Four of those who gave positive readings in this year's drink drive blitz were tested at the scene of a collision and three of those collisions resulted in injuries to some of those involved.

Two of the drink drivers were caught after being stopped for committing traffic offences while the remaining six were all caught when officers suspected from their manner of driving that they had been drinking.

"We have stopped even more drivers this year than at the same time last year and have found that fewer had been drinking," Ch Insp Pawsey added.

"While this is very encouraging, we think that one drink driver on the road is one too many.

"We want everyone to get home safely this Christmas. Our message is simple, if you have a drink or take drugs (including prescription medicine that carries a warning about driving) then don't drive.

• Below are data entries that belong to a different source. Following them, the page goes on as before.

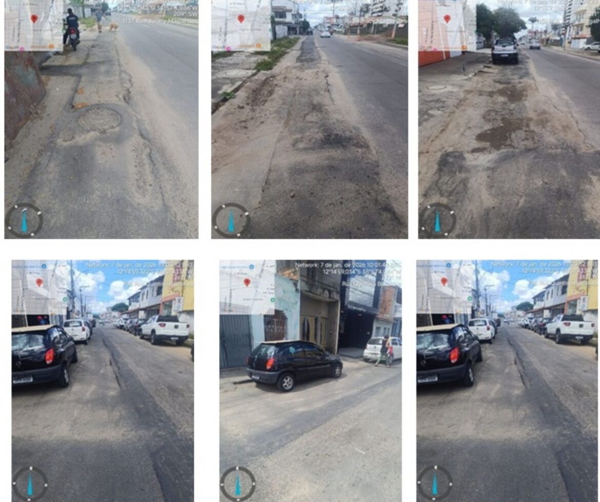 Na rua Juracy Magalhães, no bairro Ponto Central, a Agência Reguladora observou que a Embasa cortou o pavimento para realizar serviços e apesar de ter feito a recuperação do pavimento, deixou o mesmo em desacordo com o que preconiza a legislação municipal, segundo a qual, a qualidade do serviço deve ser igual ou superior à qualidade do asfalto anterior. Entretanto, no local o pavimento apresenta desnivelamento em diversos pontos, alé de ter cedido em grande parte da via.
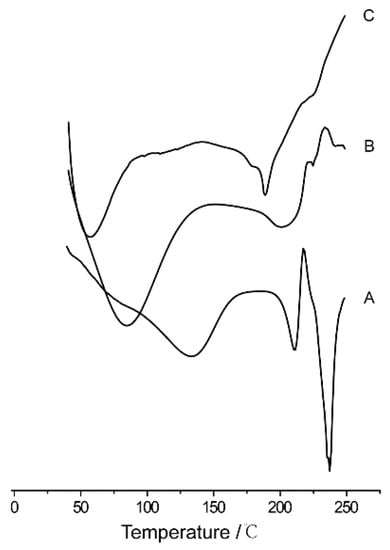 DSC curves of (A) puerarin crude material, (B) lyophilized Pu-NCS, and (C) adsorbed puerarin in Pu-NSSPE.
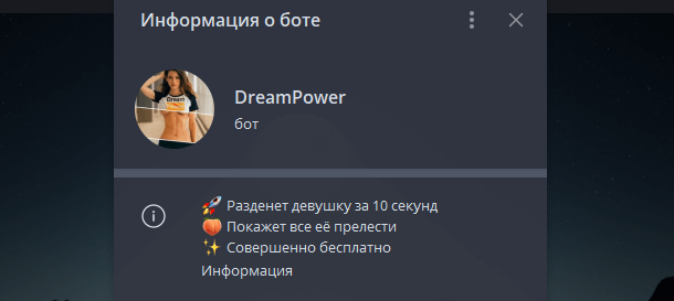 Dream Power — бот, который снимает нижнее белье с фото (первая генерация бесплатно)
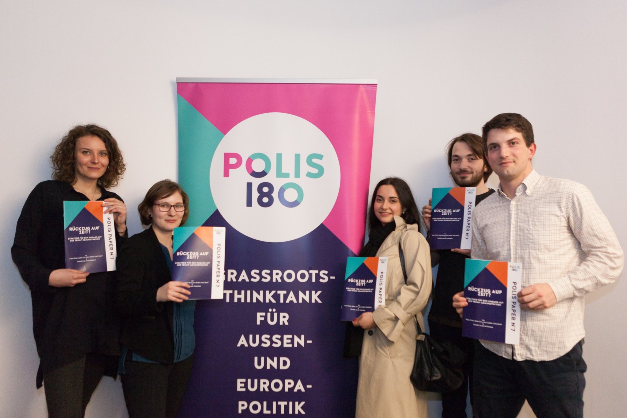 Am 13. Februar 2017 präsentierte Polis180 das zweite Polis Paper mit dem Titel „Long Shots and Bold Claims: Scenarios on Future Challenges to the Global Order” der Autoren Jannes Elfgen, Ann-Sophie Gast, Stephan Hoare und Salome Minesashvili.
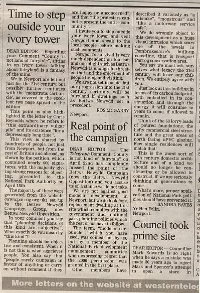 14th April: New letter in the Western Telegraph entitled "Losing the Planning Plot"
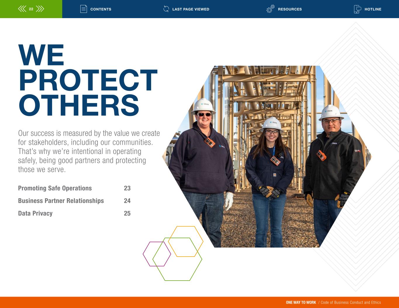 Our success is measured by the value we create for stakeholders, including our communities. That’s why we’re intentional in operating safely, being good partners and protecting those we serve. Promoting Safe Operations 23 Business Partner Relationships 24 Data Privacy 25 WE PROTECT OTHERS 22 ONE WAY TO WORK / Code of Business Conduct and Ethics CONTENTS RESOURCES HOTLINELAST PAGE VIEWED
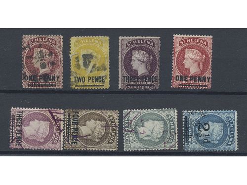 Saint Helena. Mostly used. Small lot of eight classic stamps: Sg 7,9,11,37, plus four stamps with FAKE pmks. Saint Helena. Mostly used. Small lot of eight classic stamps: Sg 7,9,11,37, plus four stamps with FAKE pmks. Show less
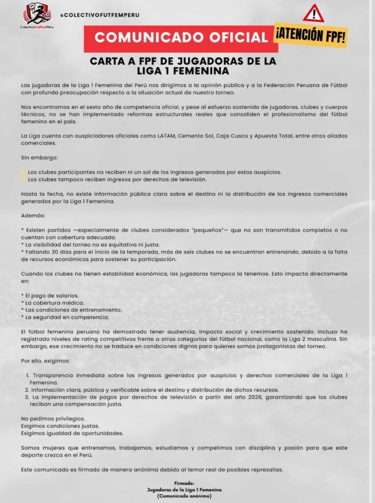 El documento ha sido difundido de manera anónima y no cuenta con firmas individuales que lo respalden, debido —según se indica— al temor de posibles represalias. Sin embargo, el mensaje representa una llamada de atención a la Federación Peruana de Fútbol y vuelve a poner sobre la mesa el debate sobre la profesionalización y sostenibilidad del fútbol femenino en el Perú.
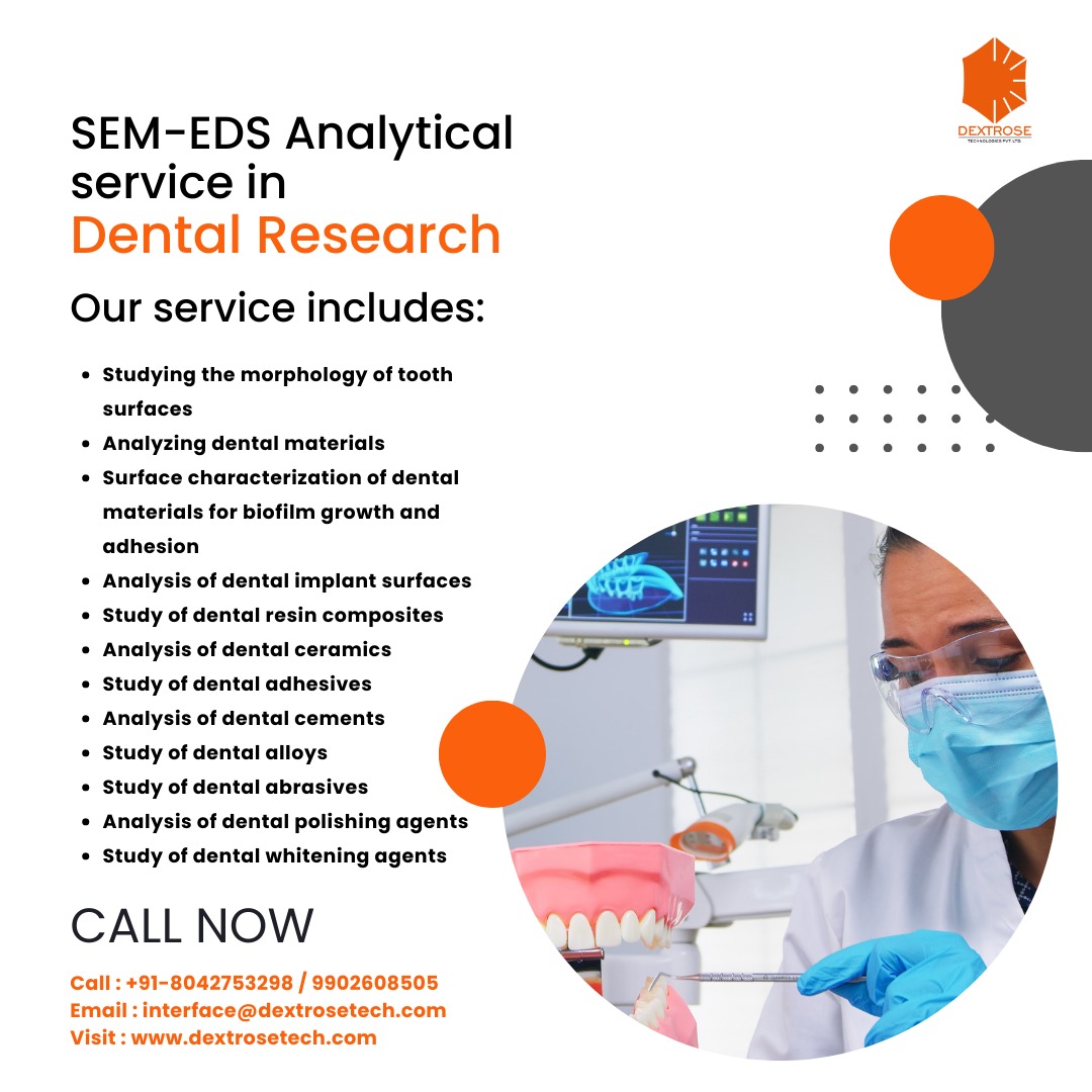 Dextrose Technologies Pvt Ltd provides SEM-EDS Analytical service in Dental research #SEMeducation#Microscopy#SEM_EDS #MaterialsCharacterization#NanoImaging #ElectronMicroscopy#EDSAnalysis#MicroscopyLab #MaterialScience#SEMImages#ElementalAnalysis #EDSSpectra#SEMResearch#Nanostructures #MicroscopyTechniques#SEM_EDS_Insights #MaterialsAnalysis#MicroscopyArt#EDSMicroanalysis #NanoScale#SampleImaging#SEM_EDSApplications #MaterialsResearch#MicroscopyCommunity #EDSMapping To know more: Log on to www.dextrosetech.com Contact No: 9902608505
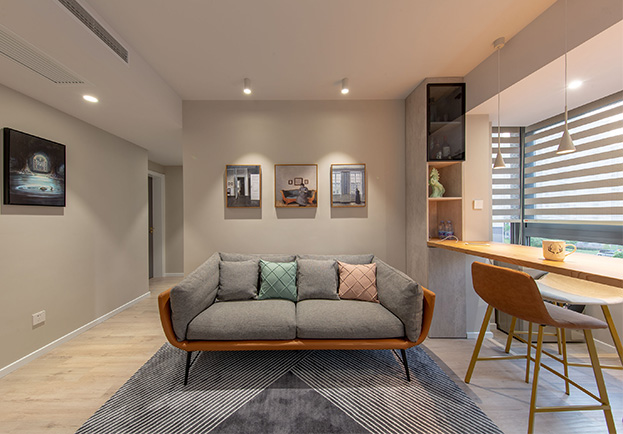 設(shè)計(jì)師:姬德鵬 風(fēng)格:現(xiàn)代簡約 戶型:90㎡ 兩室兩廳
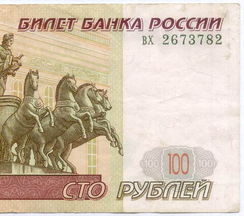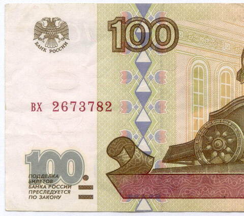 Банкнота 100 рублей 1997 год (без модификаций) вх 2673782. VF
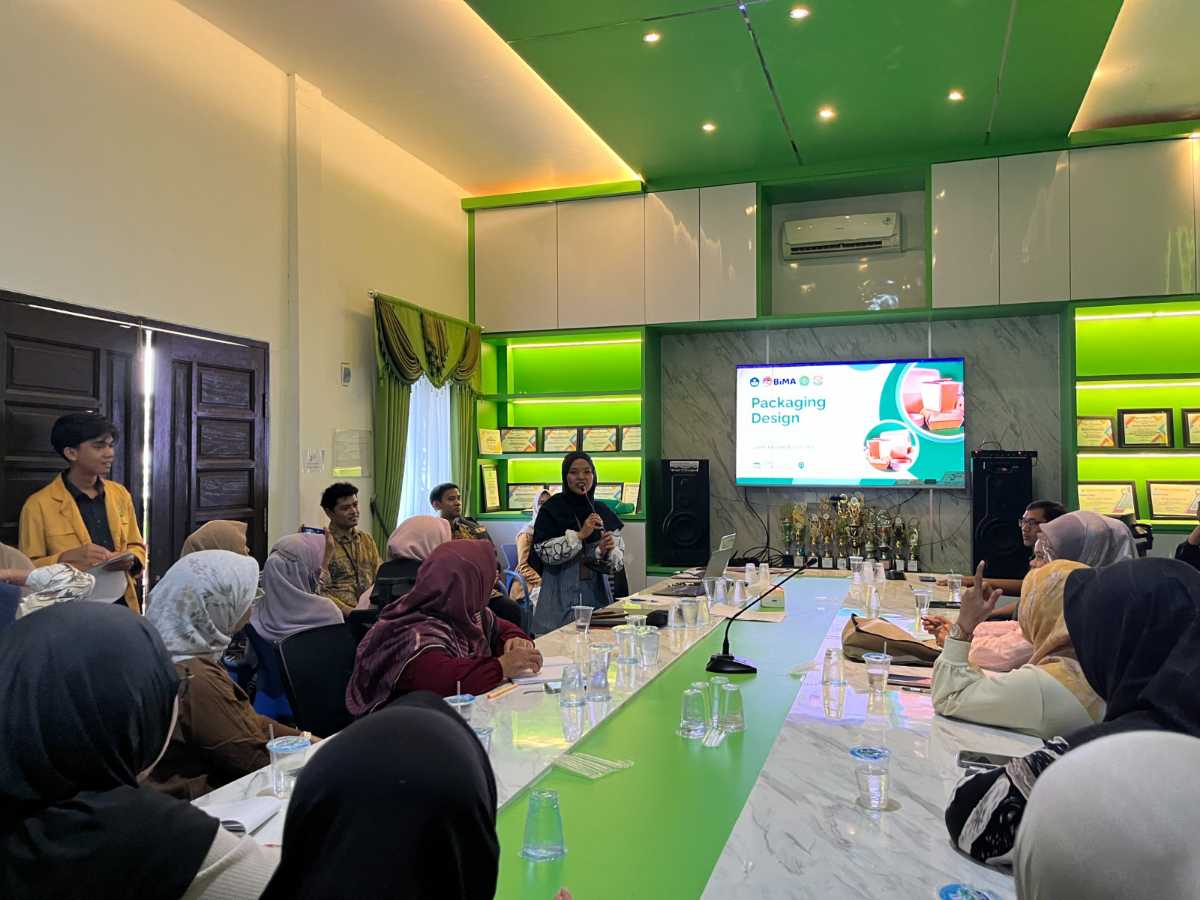 Pelatihan dibuka dengan sesi praktik desain kemasan yang dipandu oleh ibu Ummi Khuzaimah, S.Gz., M.Si. Peserta mempelajari prinsip kemasan efektif dengan identitas merek yang konsisten, hierarki informasi yang jelas, dan kepatuhan label pangan serta mengaplikasikannya langsung di Canva untuk menghasilkan draf label siap pakai.
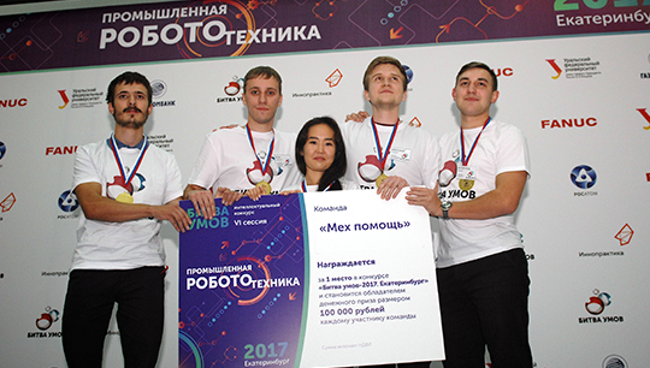 За первое место в конкурсе «Битва умов-2017. Екатеринбург» каждый член команды «Мех помощь» получил денежный приз размером 100 000 рублей.
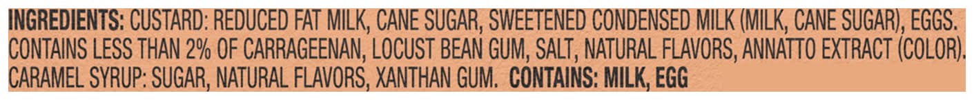 Custard: Reduced Fat Milk, Cane Sugar, Sweetened Condensed Milk (Milk, Cane Sugar), Eggs, Contains Less than 2% of Carrageenan, Locust Bean Gum, Salt, Natural Flavors, Annatto Extract (Color), Caramel Syrup: Sugar, Natural Flavors, Xanthan Gum Contains: Milk, Eggs Additives: None
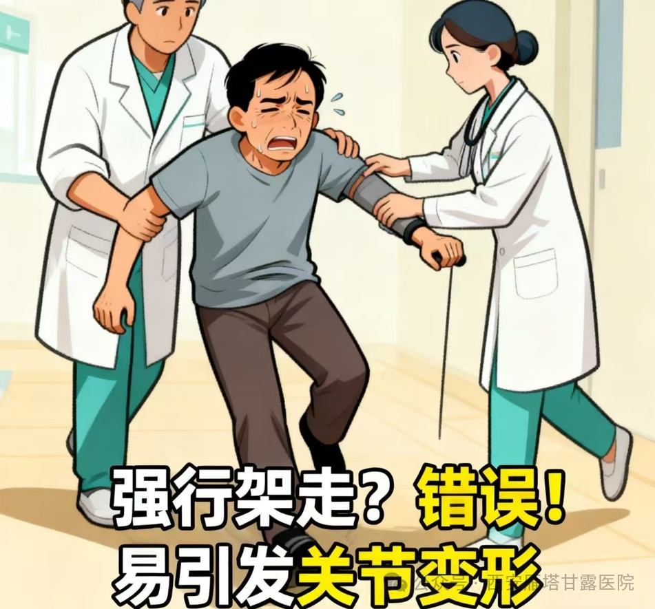 误区描述:家属心急如焚:“胳膊伸不开?我帮你硬掰!”
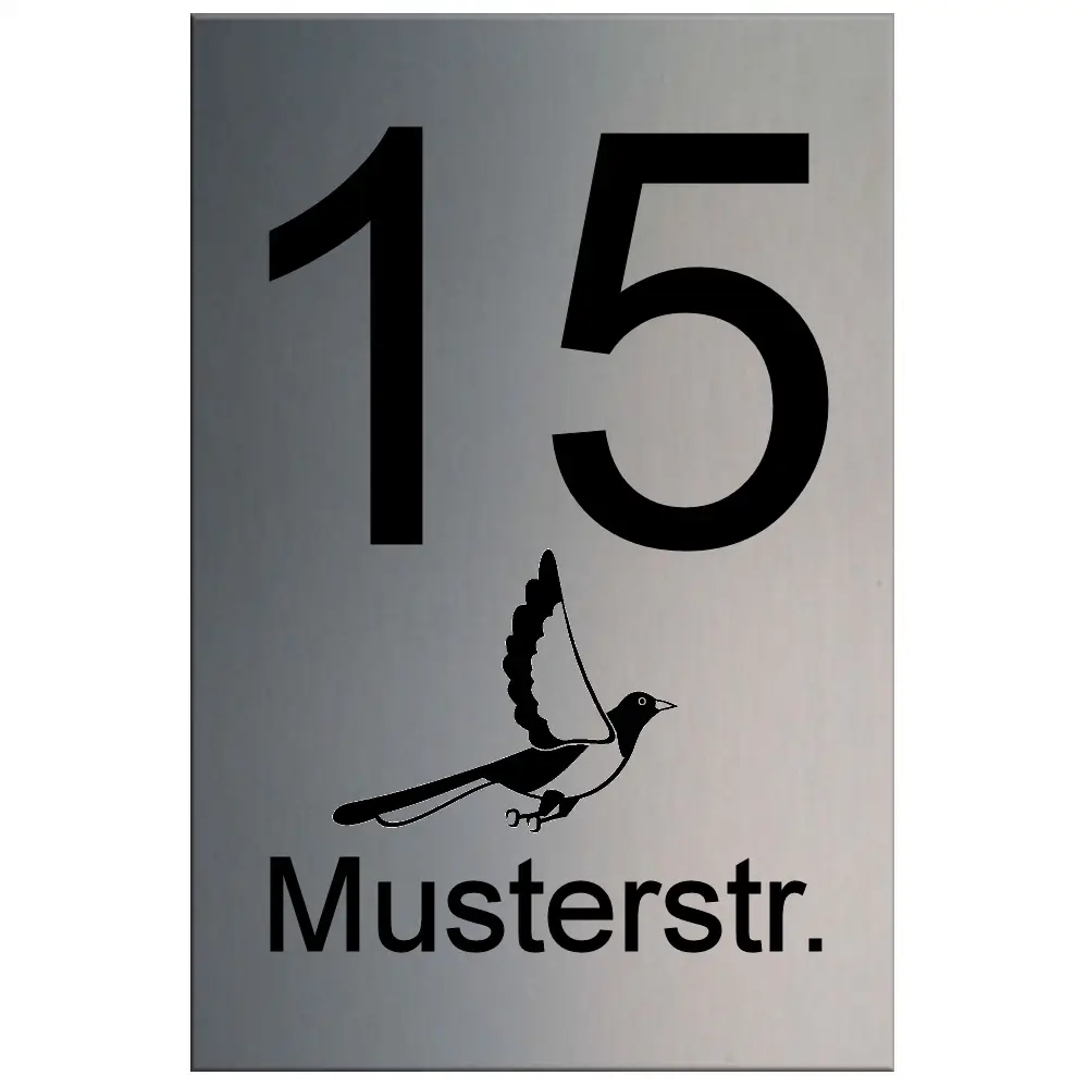 Dieses moderne Hausnummernschild aus Edelstahl mit Gravur vereint zeitloses Design, hohe Materialqualität und präzise Verarbeitung. Mit seinen kompakten Maßen von 80×120 mm und einer Materialstärke von 1,5 mm fügt es sich harmonisch in jede Hausfassade ein – modern, elegant und langlebig zugleich. Die gebürstete bzw. satinierte Edelstahloberfläche (wahlweise vertikal oder horizontal) verleiht dem Schild eine edle, matte Struktur, die das Gesamtbild Ihres Eingangs stilvoll abrundet.

"Remember alcohol and drugs can still be in your body and impair your ability to drive a considerable time after they are consumed; if you think you can drink until 3am and drive at 8am, you could be in for a shock."

Police have also appealed for people who walk home after having a drink this Christmas to take extra care.

They have advised them to walk facing oncoming traffic, to use well-lit roads with footpaths and to wear light coloured, preferably reflective outer clothing to ensure that they can be seen.

Throughout the holiday period The Evening Star is running its annual Name and Shame campaign, to highlight the dangers of drink driving.

Working with the police and local pubs and clubs, which are displaying posters urging customers to act responsibly, we are spreading the safe driving message.